When the exciting time comes to get a mortgage on your first home or property, there are a lot of factors to consider before you make a commitment. Visit: https://askross.ca/
1. How to Choose the Best Mortgage
When the exciting time comes to get a mortgage on your first home or property, there are a lot of
factors to consider before you make a commitment. One of the most important questions that you will
have to ask yourself and any prospective lender that you deal with is, “Will the interest rate be fixed or
variable?”
This sounds like just a drop in the bucket in terms of everything else that pertains to obtaining a
mortgage but knowing the difference between fixed-rate and variable-rate mortgages as well as how
each one can benefit or disadvantage you is essential. Here are some key details from our friend, a
mortgage broker in Toronto, that will help you with your home purchase or mortgage refinancing in
Toronto.
What is a Fixed-Rate Mortgage?
For the duration of a mortgage with a fixed interest rate, the interest is not subject to change. This rate
is applied at the beginning of your mortgage term and will not go up or down.
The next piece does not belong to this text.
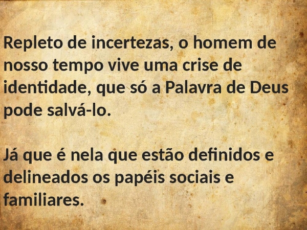 - Repleto de incertezas, o homem de nosso tempo vive uma crise de identidade, que só a Palavra de Deus pode salvá-lo. Já que é nela que estão definidos e delineados os papéis sociais e familiares.

What is a Variable-Rate Mortgage?
Variable-rate mortgages are a bit more complex than fixed-rate mortgages because the interest rate
does not remain static. The interest rate in this case can be unpredictable, subject to increases and
decreases that can be tough to account for. However, the rate at the start of a variable-rate mortgage
tends to be lower than the rate applied to fixed-rate mortgages.
How to Choose the Right Type of Mortgage
Those who are banking on predictability tend to favor fixed-rate mortgages for several reasons, the
most notable of which is the fact that they can plan their finances accordingly without unexpected
changes. There is every possibility that interest rates will rise of the duration of the term, and a fixed
rate safeguards against this possibility entirely.
Keeping one’s payments the same makes it easier to budget, an appealing facet of fixed-rate mortgages
for those who don’t have extra funds to spare on unexpectedly high interest rates.
Variable-rate mortgages are more appealing to those who have the means to pay for a higher interest
rate if rates do climb over the course of the term. The amount by which this figure increases can be hard
to predict, though many who start with variable-rate mortgages pay a smaller interest rate initially than
those who participate in fixed-rate arrangements.
Because a home buyer could end up spending quite a bit more (or less) than they initially anticipated on
interest, there are some questions that you need to consider when arranging your variable-rate
mortgage with your lender:
How high can the interest rate climb from month to month?
Is there a cap as to how high the interest rate is allowed to go?
How frequently will the interest rate increase or decrease?
Will you be able to still afford the monthly payments if the interest rates climb?
2. Variable-rate mortgages are a bit of a gamble, but if you have a solid reason to believe that interest
rates may decrease over the span of your term, it can be a serious money-saving solution.
Choosing the right type of mortgage could save you thousands of dollars over the duration of your term,
but prospective home buyers must keep their own circumstances in mind when making this choice.